Action item |
Would you please copy each line of the data in which the string "ATTP" occurs?

Entries shown |

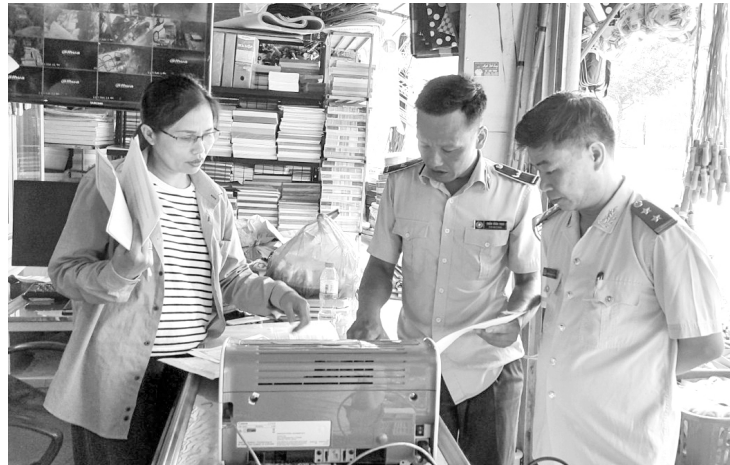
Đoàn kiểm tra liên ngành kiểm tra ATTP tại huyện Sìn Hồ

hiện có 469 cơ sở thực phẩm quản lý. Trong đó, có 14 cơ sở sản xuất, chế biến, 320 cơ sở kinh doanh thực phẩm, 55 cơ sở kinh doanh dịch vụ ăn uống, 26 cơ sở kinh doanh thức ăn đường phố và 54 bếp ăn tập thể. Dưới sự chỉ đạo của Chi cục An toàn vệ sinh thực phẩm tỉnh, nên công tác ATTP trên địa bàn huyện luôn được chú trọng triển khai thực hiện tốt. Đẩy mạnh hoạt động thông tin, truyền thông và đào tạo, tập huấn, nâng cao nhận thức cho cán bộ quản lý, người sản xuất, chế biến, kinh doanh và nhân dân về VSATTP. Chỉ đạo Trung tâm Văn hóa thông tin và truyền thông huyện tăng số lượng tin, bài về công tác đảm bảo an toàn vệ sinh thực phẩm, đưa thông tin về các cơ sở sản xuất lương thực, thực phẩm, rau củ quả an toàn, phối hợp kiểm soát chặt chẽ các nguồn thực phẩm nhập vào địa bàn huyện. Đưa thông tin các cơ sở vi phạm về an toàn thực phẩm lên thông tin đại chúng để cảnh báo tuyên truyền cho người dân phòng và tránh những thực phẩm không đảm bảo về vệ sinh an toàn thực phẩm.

--

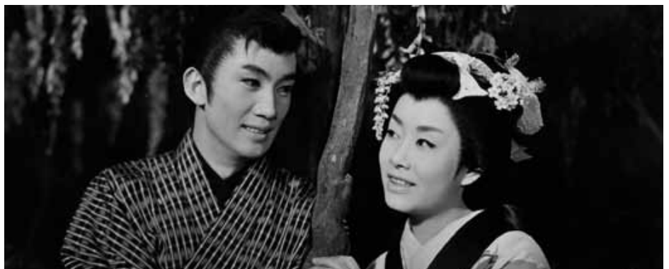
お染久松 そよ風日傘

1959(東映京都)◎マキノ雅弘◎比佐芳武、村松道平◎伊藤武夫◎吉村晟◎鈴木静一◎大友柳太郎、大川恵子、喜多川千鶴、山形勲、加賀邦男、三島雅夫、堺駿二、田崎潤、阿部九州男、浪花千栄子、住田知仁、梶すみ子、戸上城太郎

---

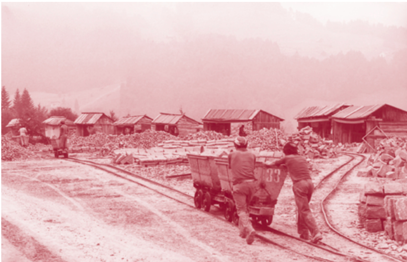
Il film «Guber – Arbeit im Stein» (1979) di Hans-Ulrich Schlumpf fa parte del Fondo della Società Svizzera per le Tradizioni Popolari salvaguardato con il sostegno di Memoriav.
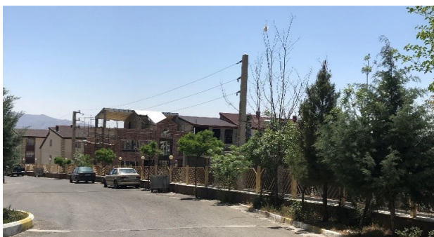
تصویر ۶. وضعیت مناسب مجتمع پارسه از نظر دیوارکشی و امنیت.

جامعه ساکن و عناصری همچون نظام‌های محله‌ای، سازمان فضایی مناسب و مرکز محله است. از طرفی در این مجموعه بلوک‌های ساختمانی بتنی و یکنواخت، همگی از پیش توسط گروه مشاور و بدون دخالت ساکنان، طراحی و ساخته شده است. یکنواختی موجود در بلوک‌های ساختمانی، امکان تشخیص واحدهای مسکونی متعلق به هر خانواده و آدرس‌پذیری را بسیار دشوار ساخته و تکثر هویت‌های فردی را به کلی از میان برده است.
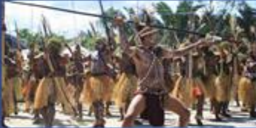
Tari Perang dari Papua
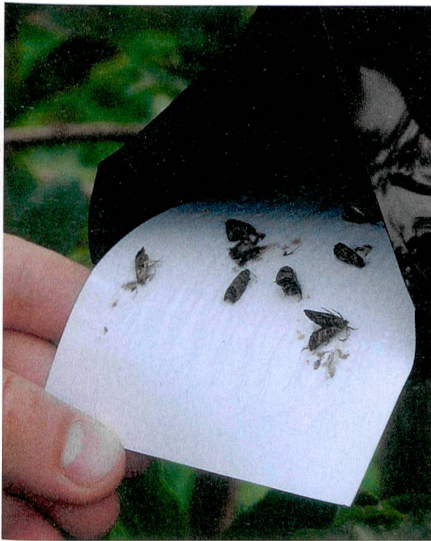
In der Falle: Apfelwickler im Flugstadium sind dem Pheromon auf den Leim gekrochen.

Result for this exercise |
Đoàn kiểm tra liên ngành kiểm tra ATTP tại huyện Sìn Hồ
hiện có 469 cơ sở thực phẩm quản lý. Trong đó, có 14 cơ sở sản xuất, chế biến, 320 cơ sở kinh doanh thực phẩm, 55 cơ sở kinh doanh dịch vụ ăn uống, 26 cơ sở kinh doanh thức ăn đường phố và 54 bếp ăn tập thể. Dưới sự chỉ đạo của Chi cục An toàn vệ sinh thực phẩm tỉnh, nên công tác ATTP trên địa bàn huyện luôn được chú trọng triển khai thực hiện tốt. Đẩy mạnh hoạt động thông tin, truyền thông và đào tạo, tập huấn, nâng cao nhận thức cho cán bộ quản lý, người sản xuất, chế biến, kinh doanh và nhân dân về VSATTP. Chỉ đạo Trung tâm Văn hóa thông tin và truyền thông huyện tăng số lượng tin, bài về công tác đảm bảo an toàn vệ sinh thực phẩm, đưa thông tin về các cơ sở sản xuất lương thực, thực phẩm, rau củ quả an toàn, phối hợp kiểm soát chặt chẽ các nguồn thực phẩm nhập vào địa bàn huyện. Đưa thông tin các cơ sở vi phạm về an toàn thực phẩm lên thông tin đại chúng để cảnh báo tuyên truyền cho người dân phòng và tránh những thực phẩm không đảm bảo về vệ sinh an toàn thực phẩm.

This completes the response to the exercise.